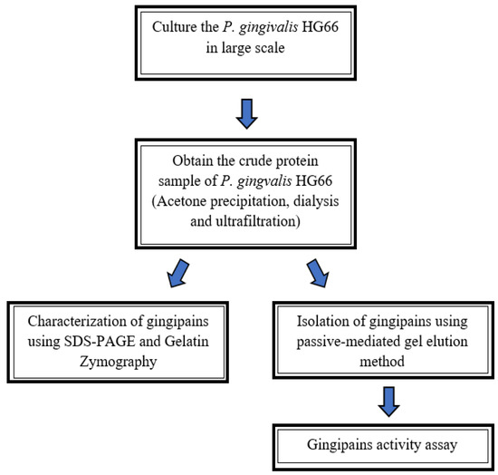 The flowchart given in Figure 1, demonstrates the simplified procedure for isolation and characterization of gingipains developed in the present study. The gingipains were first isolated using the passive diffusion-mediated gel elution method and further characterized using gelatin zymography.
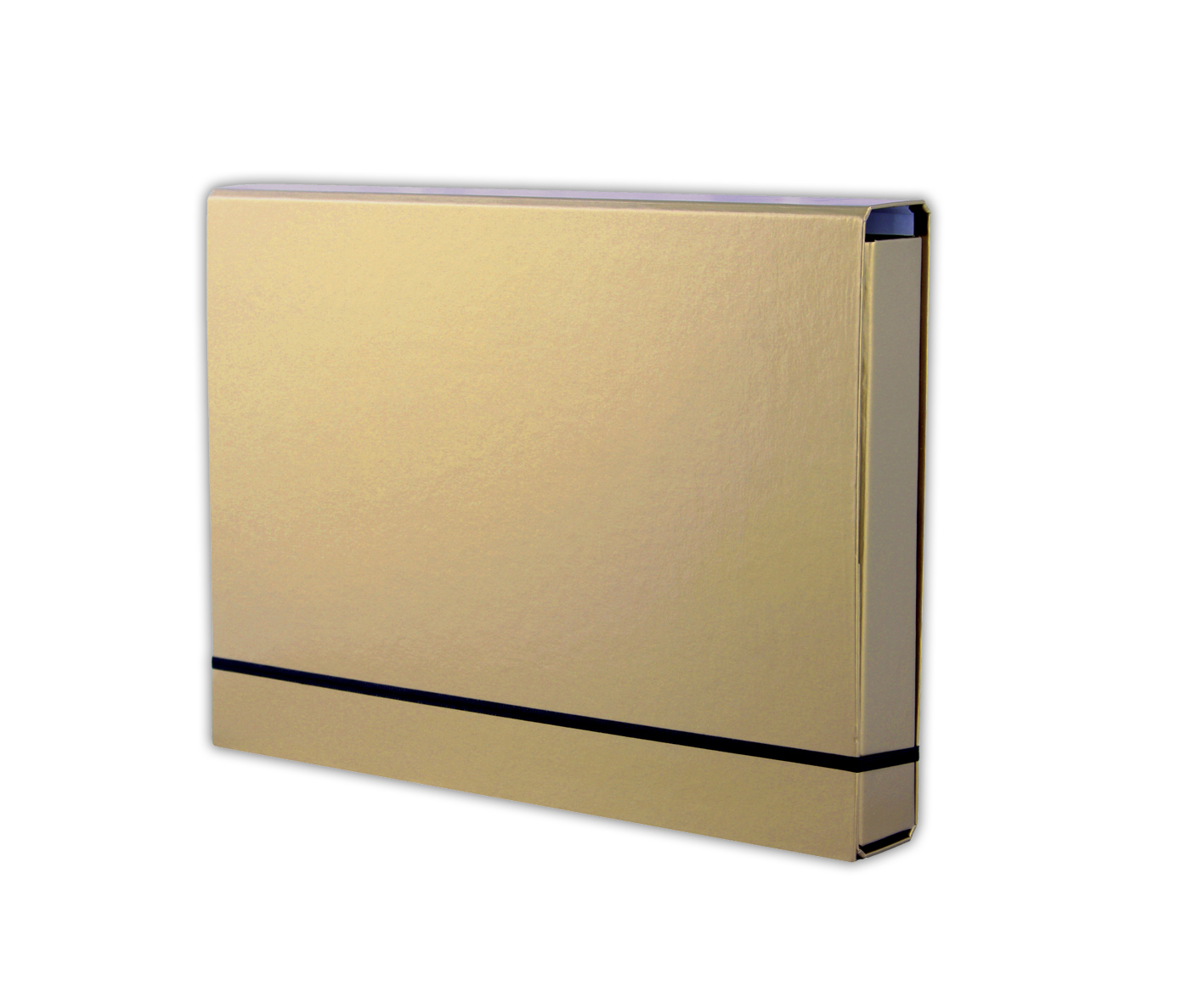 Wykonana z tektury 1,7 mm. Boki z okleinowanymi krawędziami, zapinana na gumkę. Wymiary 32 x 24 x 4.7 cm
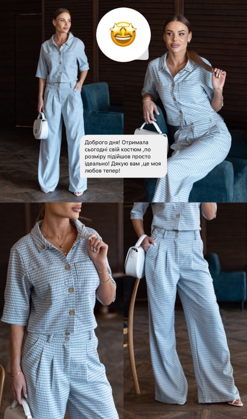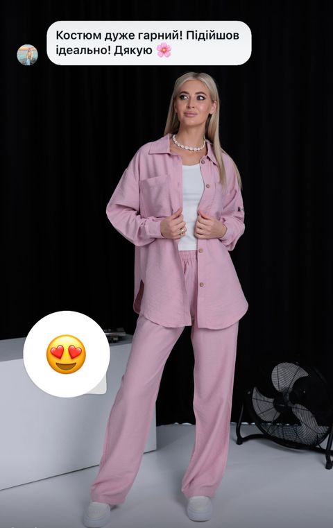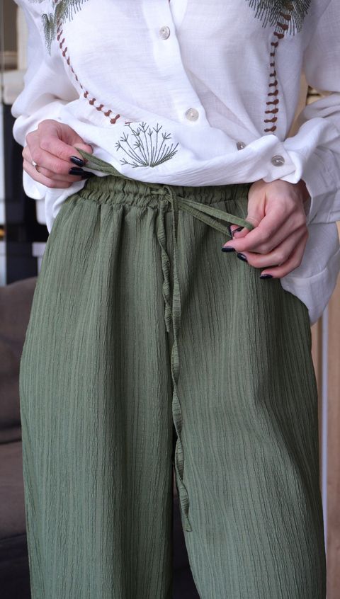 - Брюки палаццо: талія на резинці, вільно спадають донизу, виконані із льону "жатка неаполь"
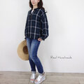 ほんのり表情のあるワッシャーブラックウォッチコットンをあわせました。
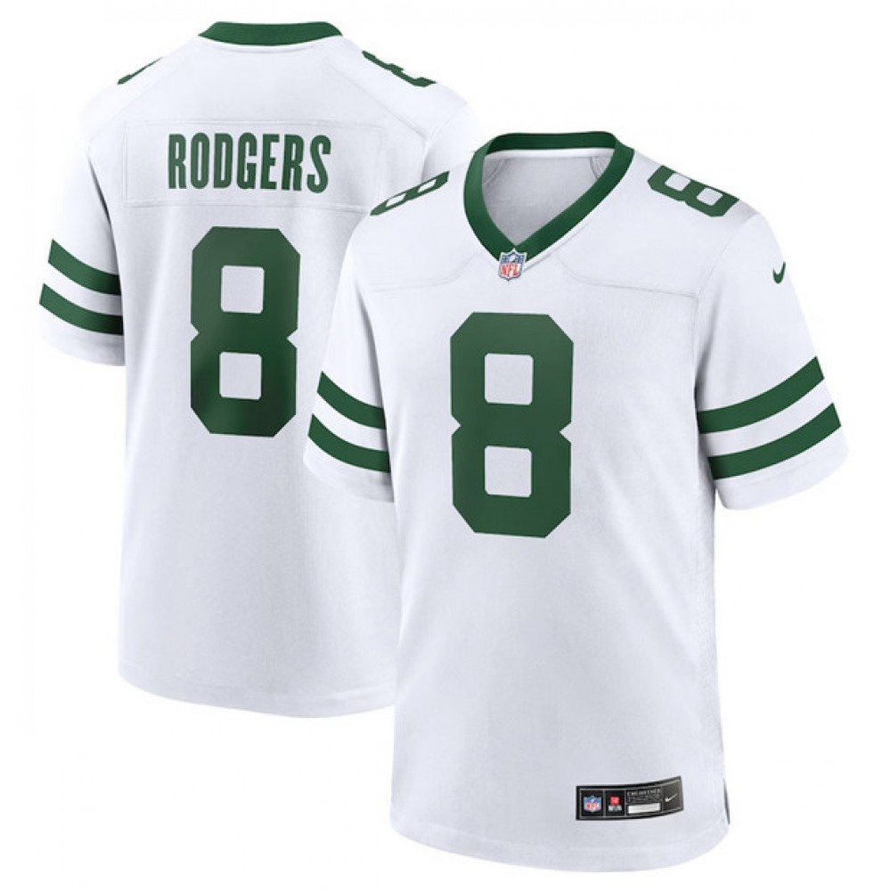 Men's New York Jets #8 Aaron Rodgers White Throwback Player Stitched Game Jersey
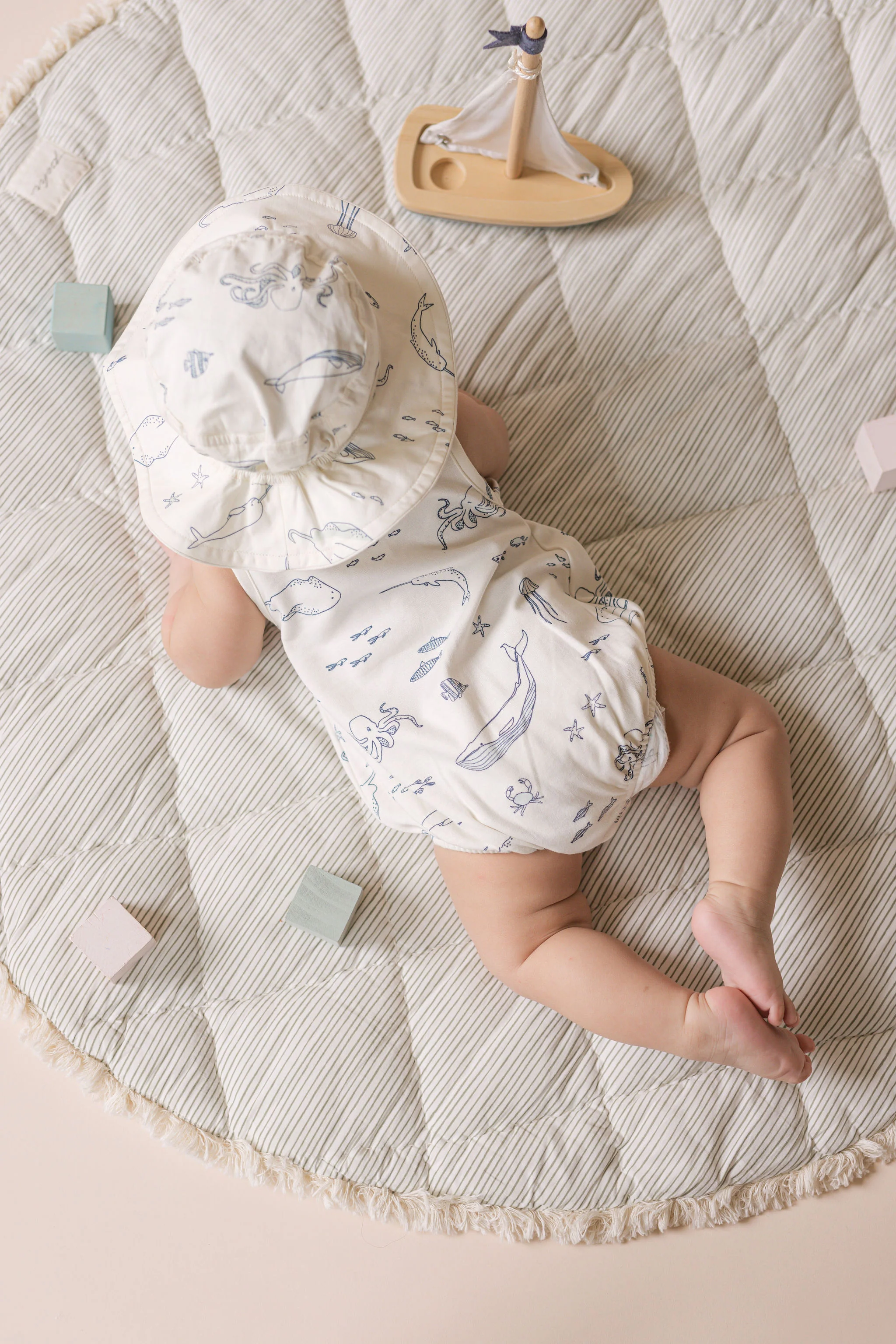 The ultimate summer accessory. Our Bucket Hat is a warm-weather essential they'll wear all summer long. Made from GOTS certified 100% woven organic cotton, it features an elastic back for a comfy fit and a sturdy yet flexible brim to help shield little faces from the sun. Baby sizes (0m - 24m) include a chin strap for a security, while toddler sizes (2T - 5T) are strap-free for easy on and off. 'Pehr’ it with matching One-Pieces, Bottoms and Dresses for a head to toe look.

EXERCISE: Give back exactly the lines from the one containing "Wykonana z tektury" through the last line above, both included, and none of the pictures.

RESULT:
 Wykonana z tektury 1,7 mm. Boki z okleinowanymi krawędziami, zapinana na gumkę. Wymiary 32 x 24 x 4.7 cm
 - Брюки палаццо: талія на резинці, вільно спадають донизу, виконані із льону "жатка неаполь"
 ほんのり表情のあるワッシャーブラックウォッチコットンをあわせました。
 Men's New York Jets #8 Aaron Rodgers White Throwback Player Stitched Game Jersey
 The ultimate summer accessory. Our Bucket Hat is a warm-weather essential they'll wear all summer long. Made from GOTS certified 100% woven organic cotton, it features an elastic back for a comfy fit and a sturdy yet flexible brim to help shield little faces from the sun. Baby sizes (0m - 24m) include a chin strap for a security, while toddler sizes (2T - 5T) are strap-free for easy on and off. 'Pehr’ it with matching One-Pieces, Bottoms and Dresses for a head to toe look.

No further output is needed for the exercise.